Background/Purpose: Caspase recruitment domain-containing protein 9 (Card9) is a C-type lectin receptor known for its function in protection against fungal infection and association with human diseases including ankylosing spondylitis and inflammatory bowel disease. Recently, polymorphisms in Card9 were linked to the pathogenesis of a prevalent type of autoimmune arthritis, Rheumatoid arthritis (RA). Here we sought to investigate the role of Card9 in the pathogenesis of arthritis using the genetically susceptible strain of mice (SKG) that develop a T cell-mediated arthritis in response to microbial triggers. Understanding how Card9 affects the pathogenesis of T cell-mediated arthritis will contribute to our understanding of the etiology of RA and development of future therapeutics.

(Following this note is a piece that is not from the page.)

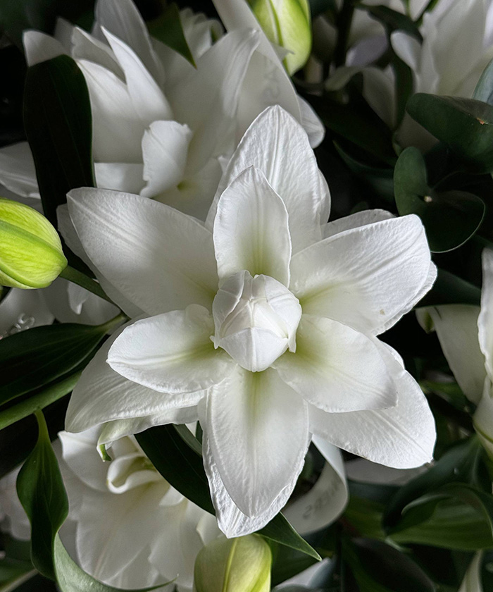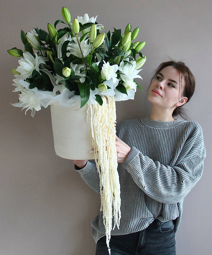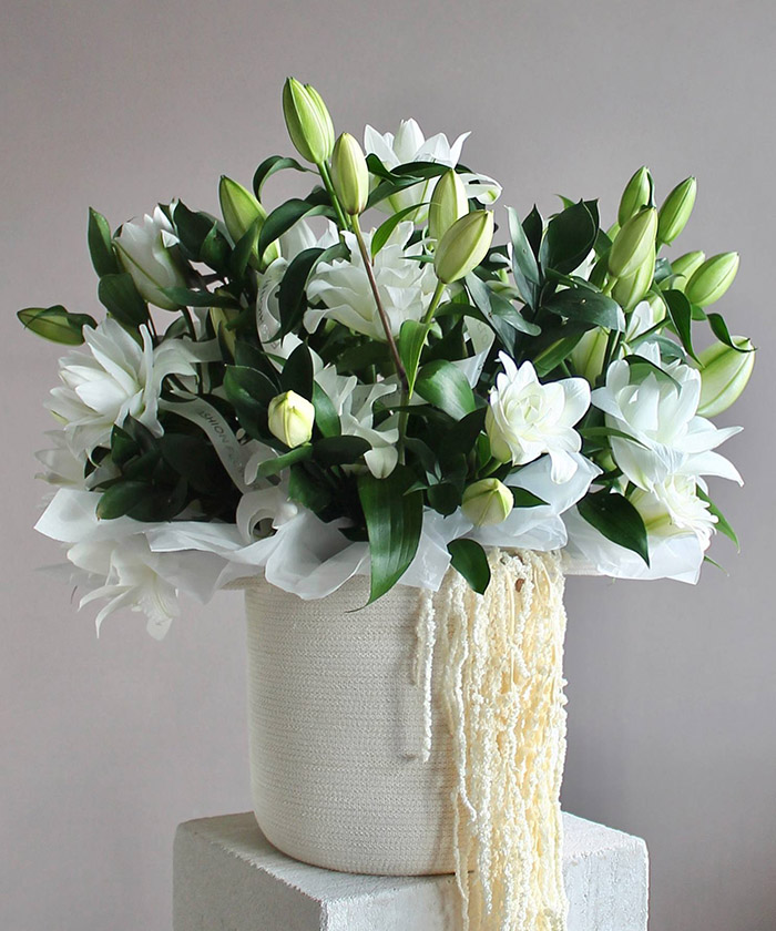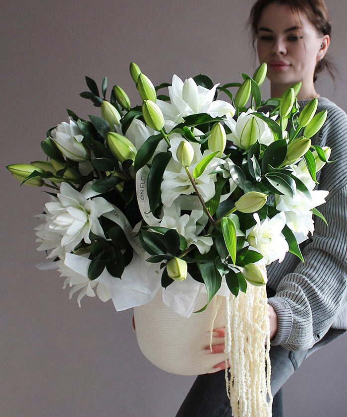"Roselily" Королевские белые пионовидные Лилии в корзине №7365

Methods: SKG and Card9^-/-SKG mice housed under specific pathogen-free conditions were intraperitoneally injected with zymosan (1.5 mg) at 6-8 wk age, clinically monitored for arthritis, and analyzed histologically for joint pathology. CD4⁺ T cells from ankle-draining (popliteal) lymph nodes were stimulated in vitro with PMA/ionomycin and production of pro-inflammatory cytokines was quantified by intracellular cytokine staining and flow cytometry. For adoptive T cell transfers, splenic CD4⁺ T cells (4×10⁶) purified from na•ve mice by magnetic positive selection were intravenously injected into lymphopenic nude (nu/nu) recipients who were injected 24h later with zymosan. Three independent experiments were performed (n=5-6 mice/genotype), and data analyzed using non-parametric statistics.

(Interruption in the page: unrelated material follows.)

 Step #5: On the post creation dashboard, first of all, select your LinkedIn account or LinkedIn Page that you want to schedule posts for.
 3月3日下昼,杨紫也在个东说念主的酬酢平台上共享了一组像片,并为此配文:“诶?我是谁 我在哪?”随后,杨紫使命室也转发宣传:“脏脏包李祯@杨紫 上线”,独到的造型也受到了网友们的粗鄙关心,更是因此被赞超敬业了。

Results: To investigate the role of Card9 in arthritis we created Card9-deficient SKG (Card9^-/- SKG) mice. In stark contrast to SKG mice that develop chronic arthritis following zymosan injection, Card9^-/-SKG mice developed no detectable arthritis. Further examination of the popliteal lymph nodes showed reduced numbers of CD4⁺, CD8⁺, and CD4^–CD8^– T cells and decreased total numbers of pro-inflammatory CD4⁺ T effector cells including; Th17, Th1, and Th22. Although Card9^-/-SKG had reduced T cell responses and no arthritis there was still a substantial induction in Th17, Th22, and Th1 responses relative to na•ve SKG and Card9^-/-SKG mice. Furthermore, Card9-deficiency did not affect the arthritogenic capacity of SKG T cells as adoptive transfer of CD4⁺ T cells from na•ve Card9^-/-SKG or na•ve SKG mice into T cell-deplete nude recipients resulted in equal levels of arthritis. These data indicate that Card9 expression is required for the development of arthritis in SKG mice but not for the induction of a pro-inflammatory T effector response.

Conclusion: These findings identify Card9 as an essential mediator of arthritis induced by environmental microbial β-glucans (zymosan) in SKG mice and imply that Card9 positively regulates the magnitude of pathogenic T cell responses and ankle/joint inflammation in SKG mice. Understanding the immunological mechanism by which Card9 controls arthritis will contribute to our understanding of how the environment influences development of autoimmunity in genetically predisposed individuals.